Inadvertidamente a mão dele agarrou o braço dela, num gesto irreflectido que te e o condão de a imobilizar por uns instantes.
No entanto apesar de ter sido  um reflexo, teve  ao mesmo tempo com a vivacidade própria de quem cumpria ordens estranhas do coração, inaudível aos comuns mortais.
Os olhos de Sara estacaram na mão dele, pálida e sôfrega sobre o seu braço fino, detiveram-se de seguida nos seus lábios grossos  e com plena consciência dos seus actos, aproximou-se da face dele , pousou delicadamente a cabeça sobre o seu ombro direito e repentinamente levou o calcanhar ao pé do jovem, pisando-o violentamente, rodou sobre si, abriu a porta e fechou-a por fora, desaparecendo de seguida, rapidamente pelo corredor, esperando que a sua roupa ensanguentada não chamasse demasiadamente à atenção. 
Sem saber como, de repente a sua vida estava virada do avesso e ela, sabia-o no seu íntimo, não estava preparada. Viria aí uma tempestade e mais do que nunca, sabia que se teria de manter focada e livre.
Sara olhou uma ultima vez para trás. Não desejava mal a Rafael e lá no seu íntimo até estava surpresa não só pelo seu surgimento na sua vida, mas igualmente pela vontade de a ajudar. Era, pensou ela, quando atingia a porta de saída, a unica pessoa que até agora mostrou alguma vontade de ajudar e isso assustava-a mas ao mesmo tempo, proporcionava-lhe um sorriso tímido, que exibia agora ao entrar no primeiro taxi que viu livre.
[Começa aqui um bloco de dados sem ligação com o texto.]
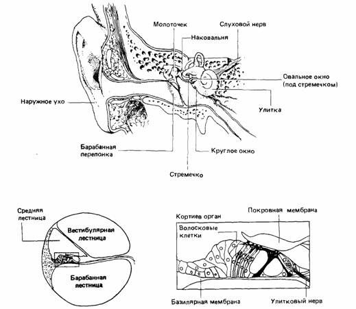 Внутреннее ухо представляет собой лабиринт взаимосвязанных наполненных жидкостью камер и каналов. Оно состоит из двух различных частей: вестибулярного аппарата, который ведает чувством равновесия, и улитки - спирально свернутой трубки, которая служит органом слуха. Внутри улитки проходят три канала: вестибулярная лестница, берущая начало у овального окна; барабанная лестница, которая начинается у круглого окна и другим своим концом соединяется с вестибулярной, и средняя лестница, расположенная между первыми двумя. Среднюю и барабанную лестницы разделяет основная мембрана, на которой находится кортиев орган. Этот орган образован рядами рецепторных клеток с сенсорными волосками на апикальных концах. Волоски упираются в студенистую покровную мембрану. Дендриты сенсорных нейронов заканчиваются на поверхности волосковых клеток, и когда колебания основной мембраны заставляют эти клетки колебаться, деформация волосков вызывает генераторные потенциалы, которые возбуждают сенсорные нервы.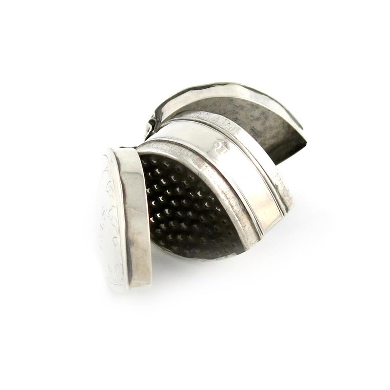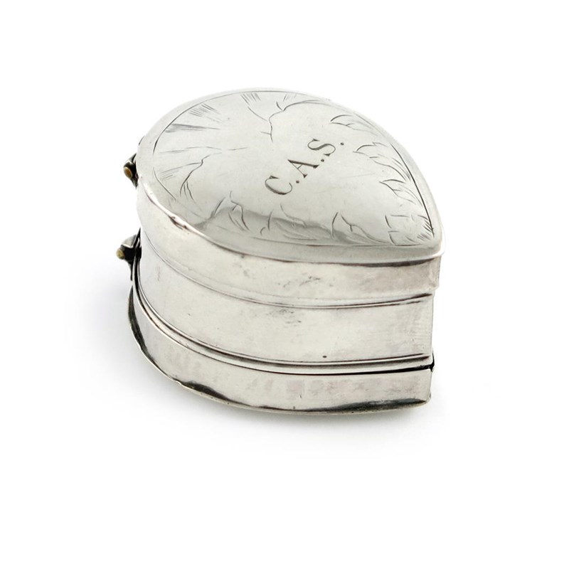 plain tear drop form, hinged cover and base, with engraved decoration, the cover later initialled 'C.A.S', length 4cm, approx. weight 0.7oz.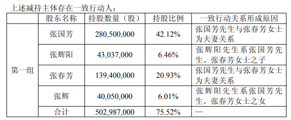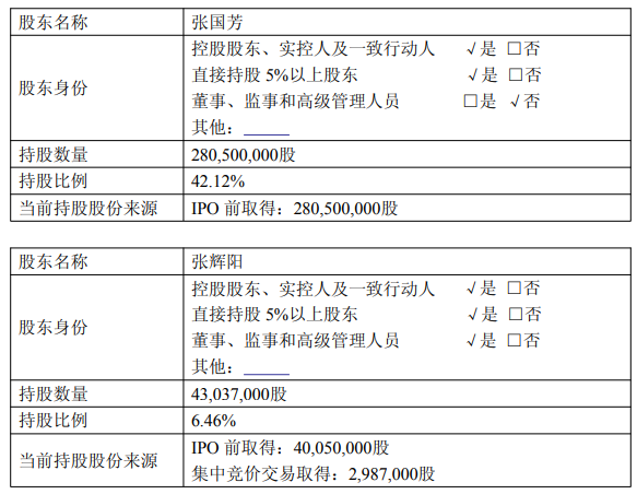 本次减持计划实施前,控股股东、实际控制人之一张国芳持有公司无限售流通股份280,500,000股,有限售流通股份0股,合计持有280,500,000股,占公司总股本42.12%。上述股份来源于公司首次公开发行股票前取得的股份。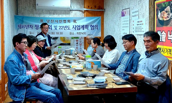 [세계로컬타임즈 홍윤표 조사위원] 당진시에서 활동하는 당진시인협회는 지난 3일 착한낙지에서 제16차 정기총회 및 22년도 문학사업을 위한 협의회의가 회원다수 참석한 가운데 개최됐다고 4일 밝혔다.

Seguiria para casa e dali pagaria o taxi e arranjaria dinheiro. Tinha muitas coisas a fazer e a falta de tempo para as realizar começava agora. Se havia uma hora zero, esta era a hora, este era o momento.
Sara podia ter muitos defeitos, mas percebera muito bem que o professor já a tinha topado há muito tempo e ter usado o início de uma das composições de alguém que provavelmente ele tão bem conhecera e ameaçara não tinha sido uma ideia inteligente, mas o que tinha descoberto sobre o professor, tinha-lhe criado as suspeitas necessárias  e na falta de provas concretas, precisava agora de ver a reacção dele. O acesso de raiva dele, só mostra o cuidado que de futuro ela tinha de ter, porque certamente ele não a iria deixar em paz.